The oldest living survivor of the Nazi Camps, Alice Herz-Summer will celebrate her 106th birthday.She credits music and optimism for saving her life and the life of her son.
In 1943, at 39 Alice was ordered to leave Prague. Alice, her husband and their 6 year old son, Raphael were herded on to a train and sent to a Nazi "show camp" Terezin-Theresienstadt. In order to convince Red Cross inspectors that inmates were cared for, Jews at Terezin-Theresienstadt. were allowed to stage concerts.Alice and her son were kept alive to make music. Broken, starving inmates listened and were transported into another realm where they received nourishment for their spirits, the music reminded them that there was still beauty in the world.

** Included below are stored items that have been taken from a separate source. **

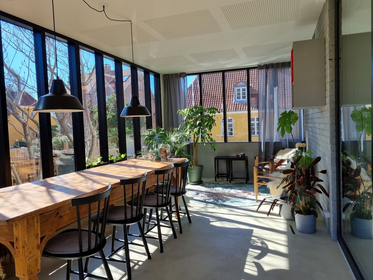L'epítome de l'HYGGE! Unes vibres escandinaves de luxe al cor de la ciutat. A un pas de Tívoli i l'Ajuntament. Aquest pis anunciat i restaurat amb estil disposa d'un llit extragrande còmode, bany amb dutxa de pluja/cuina moderna/sala d'estar acollidora i armari amb vestidor. Els nostres hostes ens diuen que els encanta aquest apartament amb jardí, però el pati privat tranquil és el que el fa únic. Vivim a dalt en la nostra joia oculta de 1730 situada per Strøget en el Marais de CPH:"Pisserenden" IG:@historichouseandgarden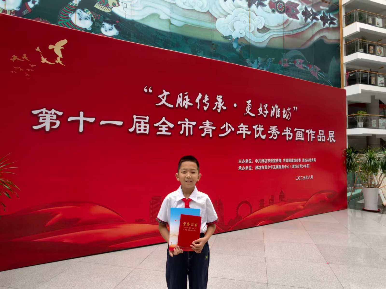 为了让宣讲更专业、故事更动人,她主动化身“红色资料收集员”。课余时间泡在图书馆红色文献区,翻阅有关潍坊革命历史的书籍,将英雄事迹逐字摘抄。凭借对红色文化的热爱和扎实的语言功底,她通过层层选拔成为了潍坊市党史教育馆、潍坊市科技馆、十笏园博物馆的“小小讲解员”和潍县西方侨民集中营旧址博物馆的“和平小使者”。并在“重温党史军史 传承红色基因”全国青少年志愿活动中,获评“最美志愿者”。凭借出色表现,她作为学生代表参加澳潍青少年文化交流活动,以少年之声为和平歌唱,为红色续航。
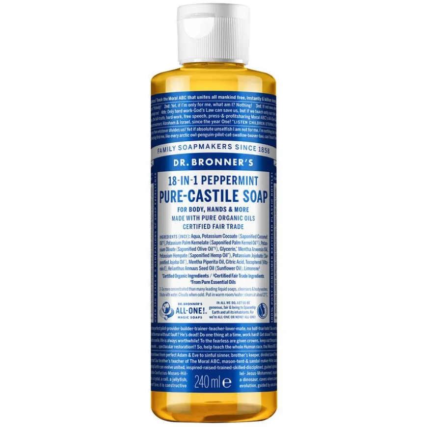 18-In-1 Peppermint Pure Castile Soap er en duftende såpe med økologisk peppermynte og eterisk olje for å kjøle ned huden, åpne bihulene og skjerpe sinnet. Denne såpen er konsentrert, allsidig og effektiv. Laget med økologiske og sertifiserte fair trade ingredienser.

Though most of Alice's relatives were killed by the Germans, Alice does not hate them, she says that most Germans are beautiful people and what heppened was a part of the evil of the world that occurs in many places, that's all. "I never hate,hatred brings only hatred", says Alice.She recognizes through the wisdom of age, that retribution is an endless cycle in which eventually we have trouble telling the victim from the perpetrator."Only when we are so old, only then we are aware of the beauty of life."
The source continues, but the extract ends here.